== TASK TO CARRY OUT ==
Reproduce exactly the lines of this material that begin at the line with "到 Options 內設定自動上傳,這樣每次執行前就會自動上傳目前的 code 到主機上" and end at the line with "Шкаф-купе Экспресс, 2дв.", both included. Omit the pictures and everything else.

== PROVIDED INFORMATION ==

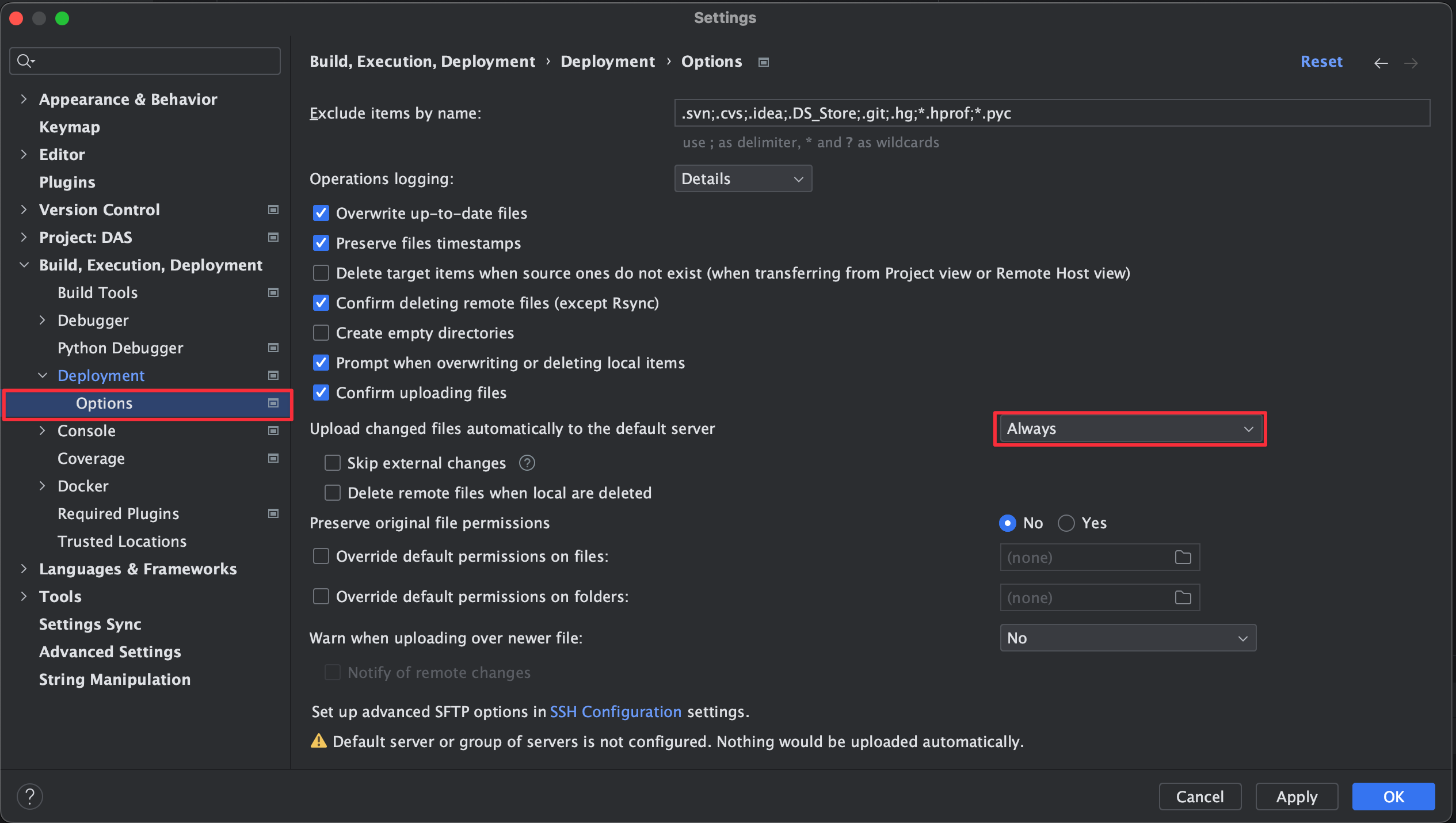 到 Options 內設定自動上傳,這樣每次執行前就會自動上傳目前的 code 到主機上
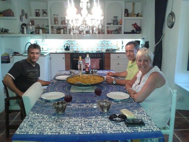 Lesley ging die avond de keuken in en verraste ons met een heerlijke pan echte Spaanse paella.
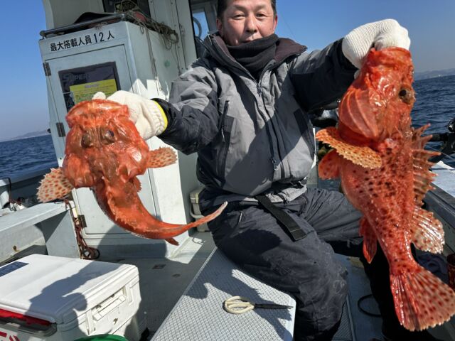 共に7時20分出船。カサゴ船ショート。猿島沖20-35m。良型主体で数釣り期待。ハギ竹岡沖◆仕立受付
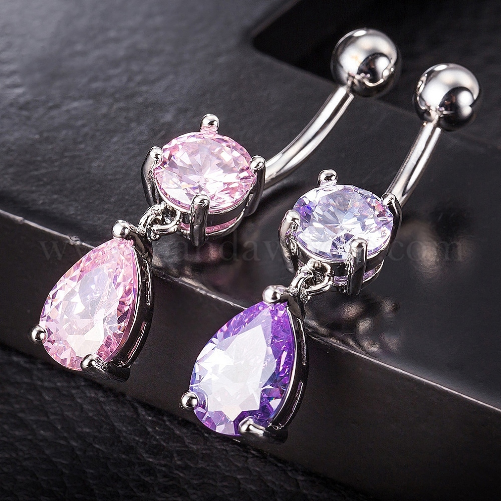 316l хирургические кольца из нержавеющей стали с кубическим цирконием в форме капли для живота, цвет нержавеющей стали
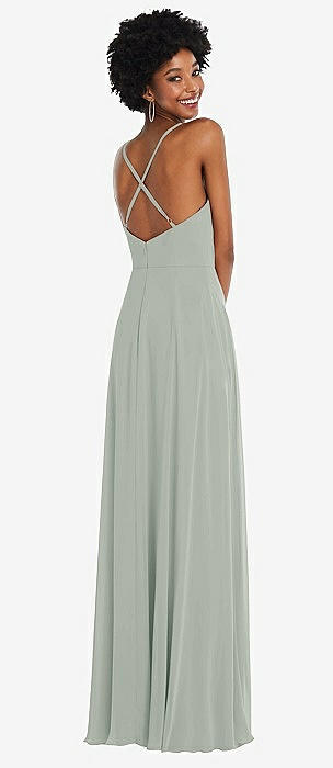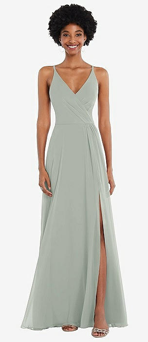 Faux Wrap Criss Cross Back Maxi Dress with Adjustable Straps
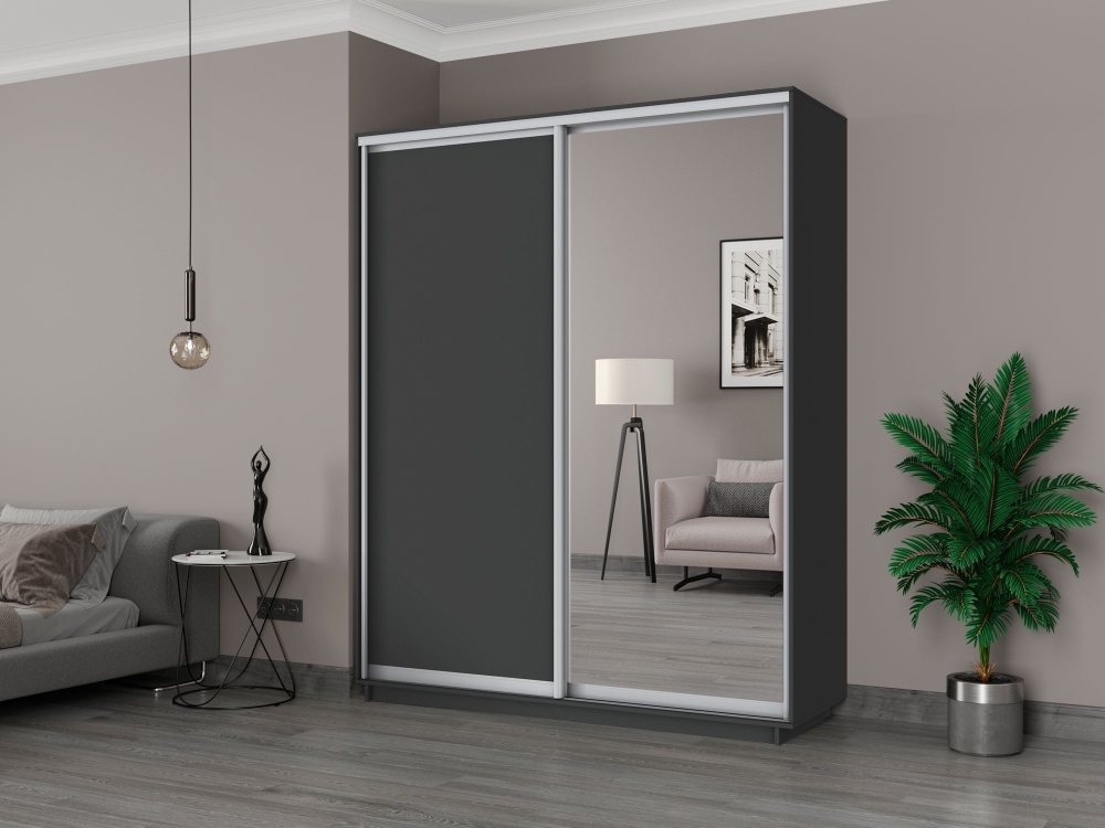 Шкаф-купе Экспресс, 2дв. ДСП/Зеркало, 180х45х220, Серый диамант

...

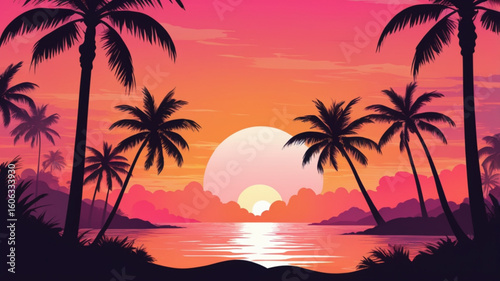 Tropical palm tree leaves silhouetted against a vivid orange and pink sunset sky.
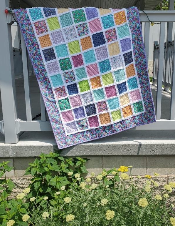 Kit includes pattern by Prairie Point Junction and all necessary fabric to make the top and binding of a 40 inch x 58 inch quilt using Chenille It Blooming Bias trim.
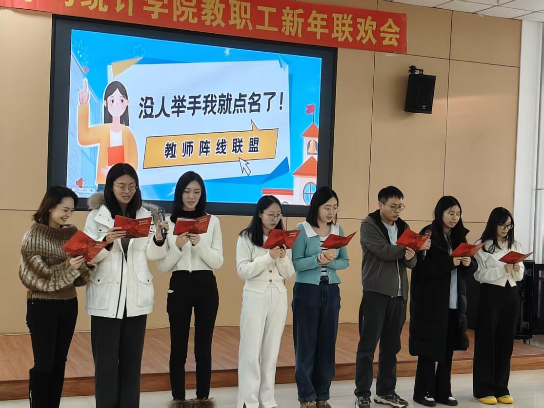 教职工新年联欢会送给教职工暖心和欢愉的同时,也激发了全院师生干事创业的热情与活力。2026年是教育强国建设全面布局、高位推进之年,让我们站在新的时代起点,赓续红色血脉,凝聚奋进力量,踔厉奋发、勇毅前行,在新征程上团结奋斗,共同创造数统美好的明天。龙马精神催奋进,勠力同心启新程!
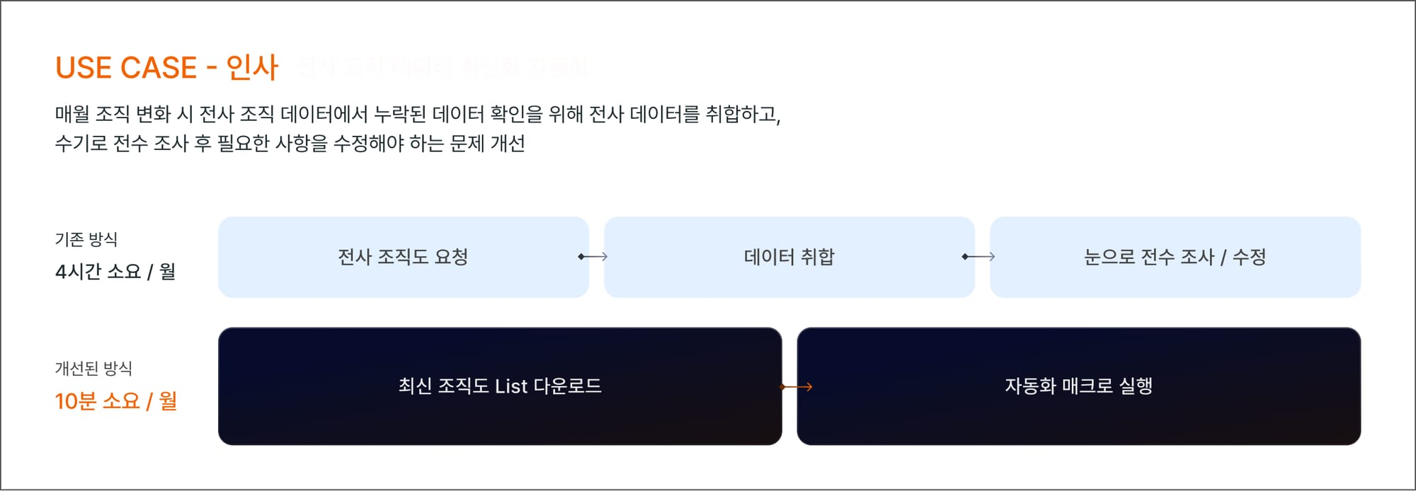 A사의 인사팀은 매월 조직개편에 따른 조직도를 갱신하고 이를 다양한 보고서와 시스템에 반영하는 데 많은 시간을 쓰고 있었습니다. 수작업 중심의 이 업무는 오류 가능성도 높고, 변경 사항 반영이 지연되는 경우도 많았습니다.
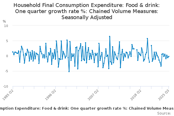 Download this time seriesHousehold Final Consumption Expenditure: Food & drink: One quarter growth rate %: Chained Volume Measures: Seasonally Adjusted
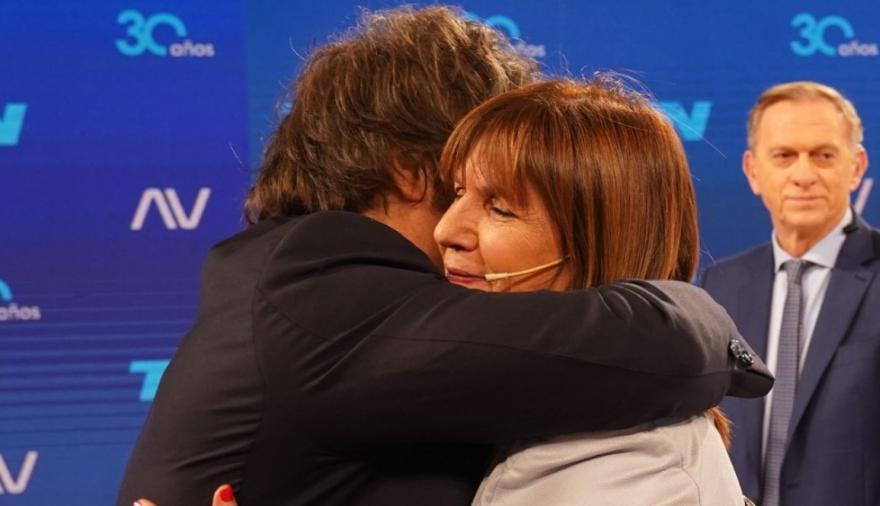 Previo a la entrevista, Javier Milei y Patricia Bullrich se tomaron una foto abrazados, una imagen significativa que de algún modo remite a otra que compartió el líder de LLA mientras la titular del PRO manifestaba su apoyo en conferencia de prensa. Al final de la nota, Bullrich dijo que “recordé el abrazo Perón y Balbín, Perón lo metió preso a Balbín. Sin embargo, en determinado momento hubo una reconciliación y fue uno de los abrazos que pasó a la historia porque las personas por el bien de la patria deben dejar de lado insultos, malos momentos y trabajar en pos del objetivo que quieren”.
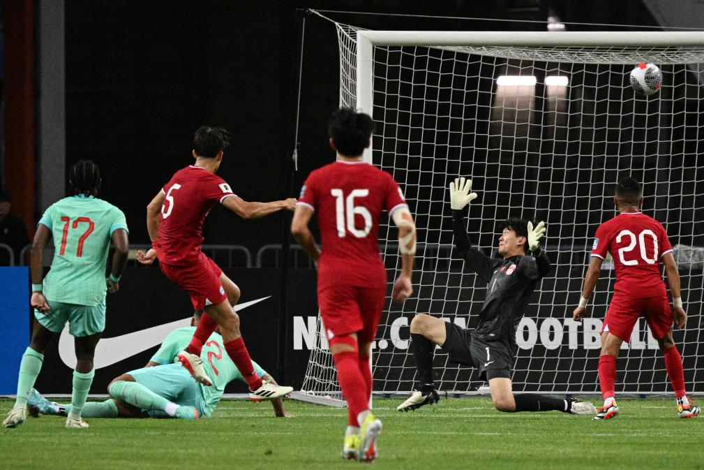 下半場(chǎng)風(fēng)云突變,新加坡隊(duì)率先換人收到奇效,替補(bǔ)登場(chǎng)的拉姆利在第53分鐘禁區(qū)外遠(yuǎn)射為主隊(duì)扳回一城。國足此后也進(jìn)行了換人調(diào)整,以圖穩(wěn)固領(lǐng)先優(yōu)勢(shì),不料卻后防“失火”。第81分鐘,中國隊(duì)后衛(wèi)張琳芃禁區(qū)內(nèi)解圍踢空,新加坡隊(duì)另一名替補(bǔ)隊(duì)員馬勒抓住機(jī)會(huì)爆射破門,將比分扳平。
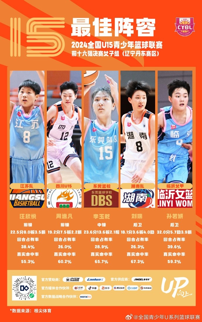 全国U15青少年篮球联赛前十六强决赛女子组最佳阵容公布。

--

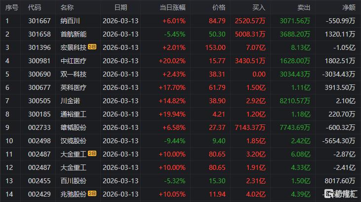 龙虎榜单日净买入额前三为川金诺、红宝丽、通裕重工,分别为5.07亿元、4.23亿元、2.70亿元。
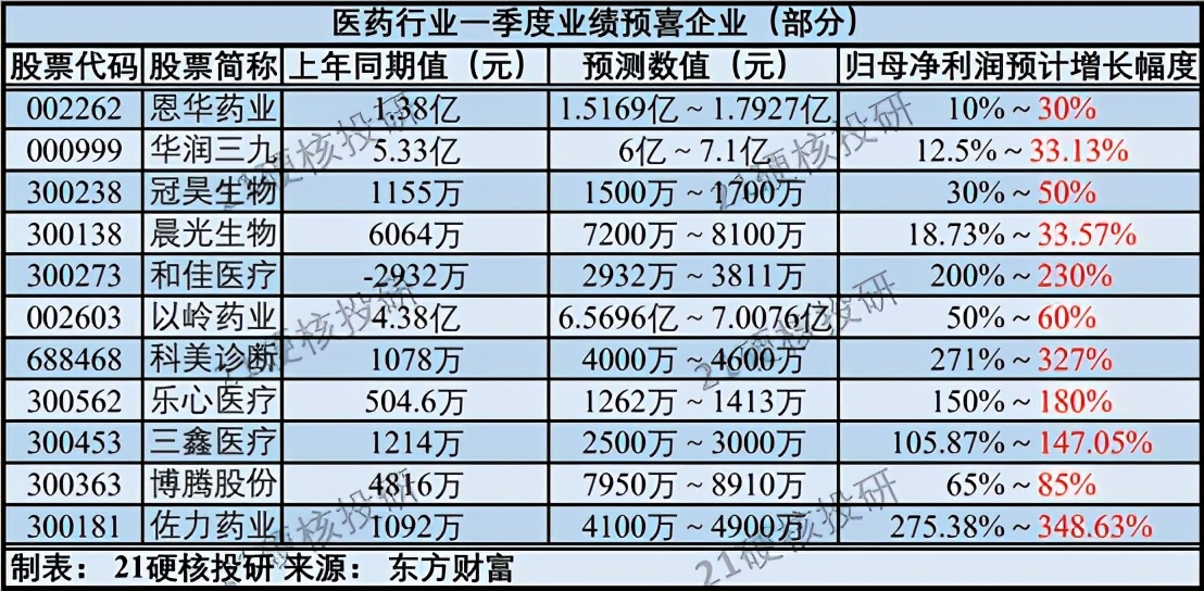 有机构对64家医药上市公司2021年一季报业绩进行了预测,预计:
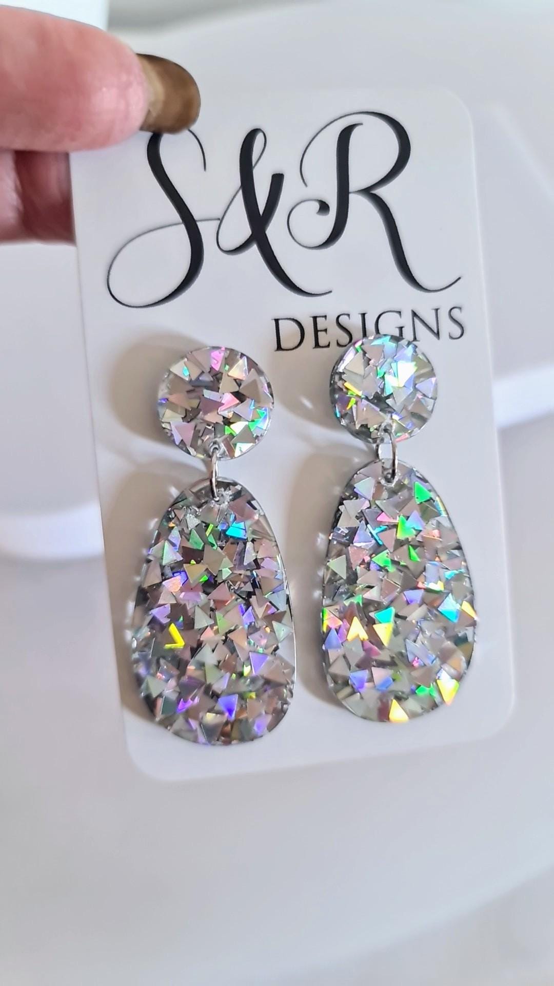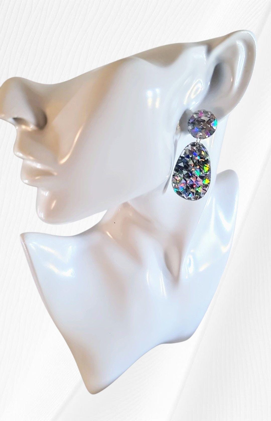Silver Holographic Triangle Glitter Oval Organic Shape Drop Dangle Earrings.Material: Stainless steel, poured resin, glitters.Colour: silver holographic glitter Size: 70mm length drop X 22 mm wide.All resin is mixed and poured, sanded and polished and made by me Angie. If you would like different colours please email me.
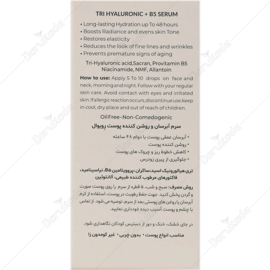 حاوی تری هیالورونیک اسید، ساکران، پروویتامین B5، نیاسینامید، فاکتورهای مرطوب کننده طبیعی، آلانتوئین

== EXPECTED ANSWER ==
 到 Options 內設定自動上傳,這樣每次執行前就會自動上傳目前的 code 到主機上
 Lesley ging die avond de keuken in en verraste ons met een heerlijke pan echte Spaanse paella.
 共に7時20分出船。カサゴ船ショート。猿島沖20-35m。良型主体で数釣り期待。ハギ竹岡沖◆仕立受付
 316l хирургические кольца из нержавеющей стали с кубическим цирконием в форме капли для живота, цвет нержавеющей стали
 Faux Wrap Criss Cross Back Maxi Dress with Adjustable Straps
 Шкаф-купе Экспресс, 2дв. ДСП/Зеркало, 180х45х220, Серый диамант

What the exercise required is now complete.